ЕГЭ по математике сложнее не стал. Изменения незначительные — в первую часть добавили одно задание на векторы, и я его приветствую. Раньше учителя могли пожертвовать векторами ради других тем, и, на мой взгляд, это порочная практика, потому что вектор в большей степени встретится нашим школьникам в реальном мире, чем значительная часть курса математики.

История. «Все сильнее мы привязаны к учебнику»

Петр Мазаев, учитель истории, лектор, координатор IB DP в Европейской гимназии, глава гуманитарной кафедры билингвальной школы «Le Sallay Диалог»:

— История — самый взрывоопасный предмет в любые времена, потому что в истории все строится на глобальных обобщениях и теориях, а связаны они с разными точками зрения. Лучший способ для ученых поссориться — это начать писать учебник по истории. Договориться насчет одного видения очень тяжело. 

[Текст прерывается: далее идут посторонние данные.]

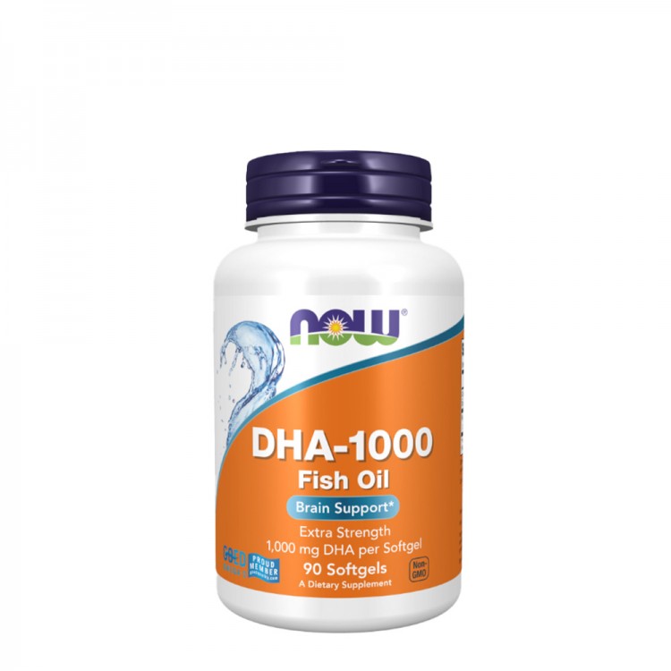 Suplemento de DHA 1000 mg da Now com óleo de peixe concentrado, ideal para apoiar a função cerebral, memória e saúde neurológica.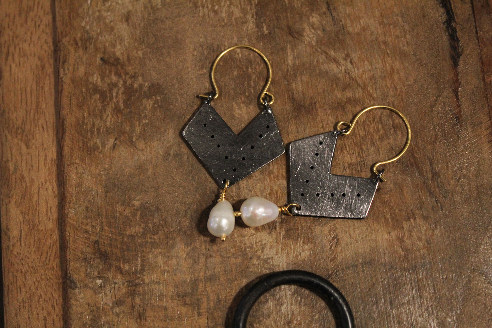 CHRYSOULA SOFOU μοναδικά σκουλαρίκια σε γεωμετρικό σχεδιασμό κατασκευασμένα από μαύρο, επιροδιωμένο ασήμι και επίχρυσα μέρη. Κοσμείται από μαργαριτάρια καλλιέργειας.

Старшие учителя говорят, что, когда начиналось преподавание истории отечества в новой России, после 1991 года, количество точек зрения и трактовок было гигантским. Теперь маятник качнулся в другую сторону, и это количество радикально сокращается, что видно в том числе по кодификаторам для ЕГЭ.

Но самое главное — сокращается количество учебников и разрешенных методических материалов.

Этот курс начался достаточно давно, но теперь за этим стали строже следить. К тому же в государственных школах появился и стал обязательным к использованию конструктор рабочих программ. И вроде бы закон «Об образовании» все еще гарантирует свободу в выборе методики и педагогическое творчество, но все больше преподаватели вынуждены обращаться к совершенно конкретным наборам тем и проходить их в том порядке, который заявлен. 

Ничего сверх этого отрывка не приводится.